User details released for 2.5 million PlayStation and Xbox gamers

News by SC Staff

User details from a 2015 hack of Playstation and Xbox forums have recently been released providing yet another reminder to ensure you don't re-use passwords.

Gamers tend to be quite technically adept, with many hackers starting out seeking cheats for the online games they play – but in some cases, gamers become a potential vulnerability if their gaming activities lead to your most technical staff getting hacked at home – or are they more alert to the issue than most, and do they, as a result, avoid the pitfalls of password re-use?

In the wake of today's news that 2.5 million PlayStation and Xbox users globally have had their personal details leaked in what the Daily Mail newspaper describes as a major hack, companies may need to ask their IT staff, are you a gamer? The actual hack of forums 'XBOX360 ISO' and 'PSP ISO'  is reported to have taken place in September 2015 but the gamers' email addresses, account passwords and IP addresses are only now being leaked – presumably after the original thieves have exhausted their use of them. XBOX 360 forum XBOX360 ISO accounted for 1.2 million of the accounts exposed.

Gaming forums have again become a favoured target in recent months notes Javvad Malik, IT security advocate at AlienVault who points out, “Typically they have weaker security, so it is easier for attackers to gain access to the passwords. Attackers rely on the fact that most users will reuse the forum password on other sites.

“While user education into the dangers of choosing easily-guessed, or re-using passwords should continue, companies need to evaluate all their digital assets equally from a security perspective. There is no such thing as a ‘low priority' public sit wherever a user account resides.

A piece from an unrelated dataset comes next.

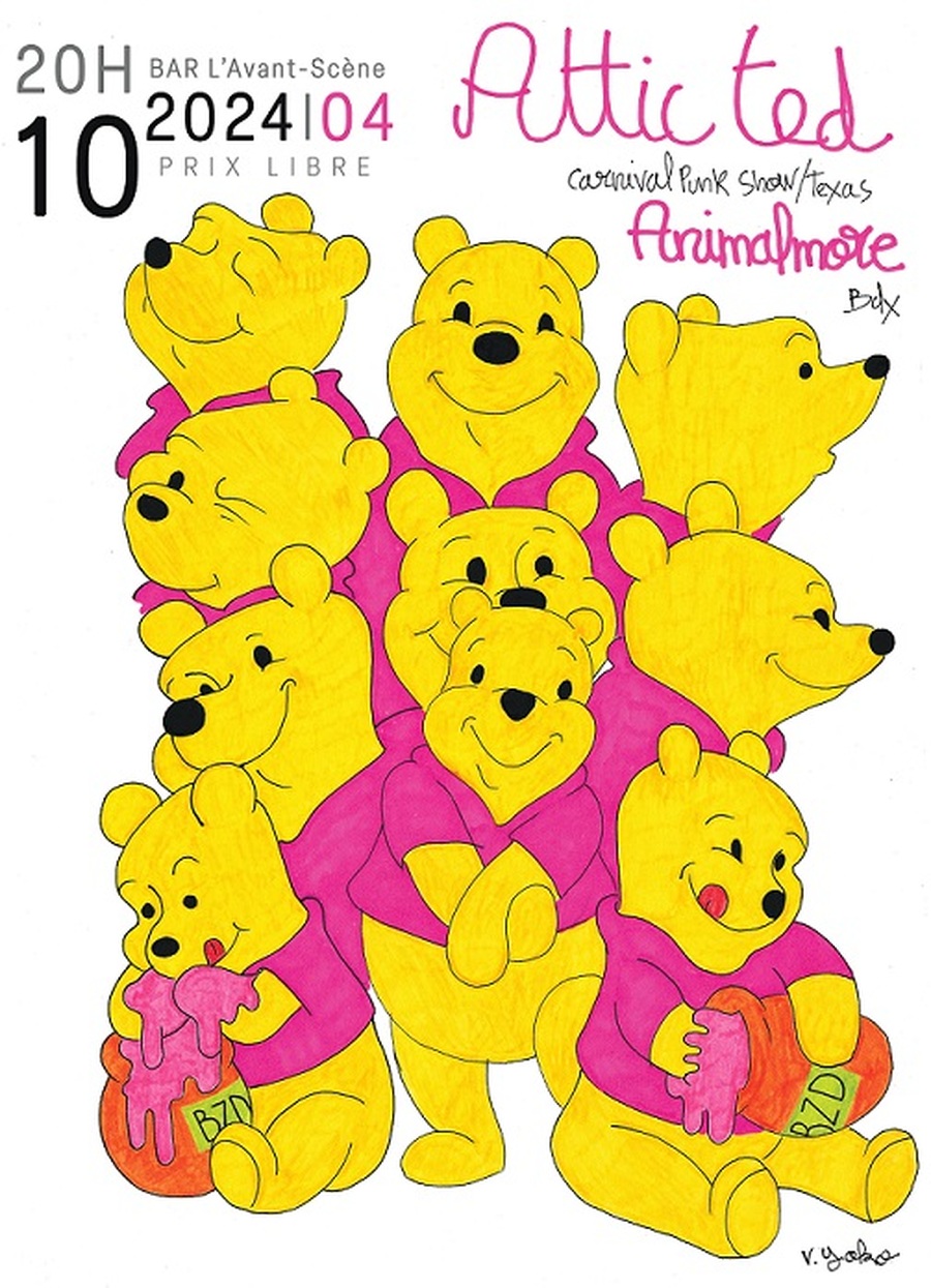 Freak show apocalyptique texan, country gothique, new wave crépusculaire, kermesse post punk ... Attic Ted a écumé les routes du monde entier, le projet centré autour de Grady Roper développe un style unique basé sur une orchestration des plus inattendues : orgue, Casio, clarinette, percussions, Kaoss Pad ou encore une guitare au son si sale que les groupes de garage n’ont plus qu’à aller se cacher. ça sent toujours autant la gnôle et la débauche.

“Secondly, these attacks highlight the importance of effective security monitoring controls that can help detect threats underway in a timely manner. In this day and age, discovering a breach over a year after the attack is an eternity.”

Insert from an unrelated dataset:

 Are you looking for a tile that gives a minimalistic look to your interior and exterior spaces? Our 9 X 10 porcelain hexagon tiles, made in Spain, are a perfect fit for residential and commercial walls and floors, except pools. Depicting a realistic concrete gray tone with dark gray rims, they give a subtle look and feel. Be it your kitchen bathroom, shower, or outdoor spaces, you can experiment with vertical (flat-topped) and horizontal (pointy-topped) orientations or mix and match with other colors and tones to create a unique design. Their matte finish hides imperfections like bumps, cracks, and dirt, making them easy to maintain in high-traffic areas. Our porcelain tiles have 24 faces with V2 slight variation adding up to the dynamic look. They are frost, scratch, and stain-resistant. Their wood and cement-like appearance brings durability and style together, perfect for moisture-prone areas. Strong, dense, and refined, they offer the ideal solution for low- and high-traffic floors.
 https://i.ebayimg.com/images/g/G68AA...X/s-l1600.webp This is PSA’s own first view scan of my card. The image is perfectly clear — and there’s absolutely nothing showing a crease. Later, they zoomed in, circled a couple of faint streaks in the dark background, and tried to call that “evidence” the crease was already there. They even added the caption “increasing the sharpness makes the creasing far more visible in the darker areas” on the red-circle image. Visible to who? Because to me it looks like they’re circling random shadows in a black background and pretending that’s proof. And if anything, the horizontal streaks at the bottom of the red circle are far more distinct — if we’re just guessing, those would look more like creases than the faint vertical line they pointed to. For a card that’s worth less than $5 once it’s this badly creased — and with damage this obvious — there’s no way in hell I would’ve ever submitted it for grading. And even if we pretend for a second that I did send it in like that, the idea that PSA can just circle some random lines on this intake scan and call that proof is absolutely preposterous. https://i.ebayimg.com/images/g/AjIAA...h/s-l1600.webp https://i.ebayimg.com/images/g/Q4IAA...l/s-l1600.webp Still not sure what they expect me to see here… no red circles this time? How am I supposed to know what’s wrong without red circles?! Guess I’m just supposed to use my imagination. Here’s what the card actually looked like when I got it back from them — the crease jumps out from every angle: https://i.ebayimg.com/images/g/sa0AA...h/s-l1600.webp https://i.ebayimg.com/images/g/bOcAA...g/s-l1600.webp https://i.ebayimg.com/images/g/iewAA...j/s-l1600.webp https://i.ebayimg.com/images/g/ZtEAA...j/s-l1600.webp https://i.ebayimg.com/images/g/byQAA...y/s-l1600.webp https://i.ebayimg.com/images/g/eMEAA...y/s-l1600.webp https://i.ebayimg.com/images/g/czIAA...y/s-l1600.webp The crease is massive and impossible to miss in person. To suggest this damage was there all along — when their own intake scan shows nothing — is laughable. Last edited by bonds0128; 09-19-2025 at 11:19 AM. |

Jonathan Sander, VP of Product Strategy at Lieberman Software adds, in comments emailed to SC, “Xbox and PSP users are going to be a pretty tech savvy bunch with accounts for many different services. As breach after breach has shown that using the same username and password for multiple sites is a bad idea, you would have to imagine this group would have gotten that message by now. When you see a dump of passwords hit a much less techie site, you can be sure that huge numbers of the victims are going to have to go around changing their credentials on the many sites where they foolishly used the same details over and over. If the Xbox and PSP crew haven't learned that they can't use the same email and password on every service by now, then likely it is game over for their personal data.”

Mark James, IT Security Specialist at ESET concurs, warning, “Hacks like these are quite common where data has been stolen and the victims are only finding out months or even years later. Scams and phishing attacks will try and use the valuable data to entice even more information from the unsuspecting user; that info is tested, stored and often will be used for identity theft purposes. Quite often people using seemingly low security websites don't enforce good password security because it's not a financial target, but all data has a value and will be reused for other purposes. Every website should be treated as unique and require different passwords with a mix of usernames if possible.”

Links to free downloads of games are provided by the ISO forums for Xbox and Playstation consoles, though in some cases this may be copyrighted material which would be illegal to download without a licence.

Robert Capps, VP of business development at NuData Security, adds that consumers need to be wary of who they provide their information to, online, commenting, "While this site is mostly used to distribute pirated copies of games, DVD's and BluRays, consumers who use the forums need to make sure that they are vigilant. Keep alert to any phishing scams that may appear in email as a result of this hack, changing passwords on any site where the passwords or usernames used on these sites are used. This data is likely to be sold on the Dark Web and used for future cyber-crime. It's a good reminder to choose unique passwords on all sites that require registration.”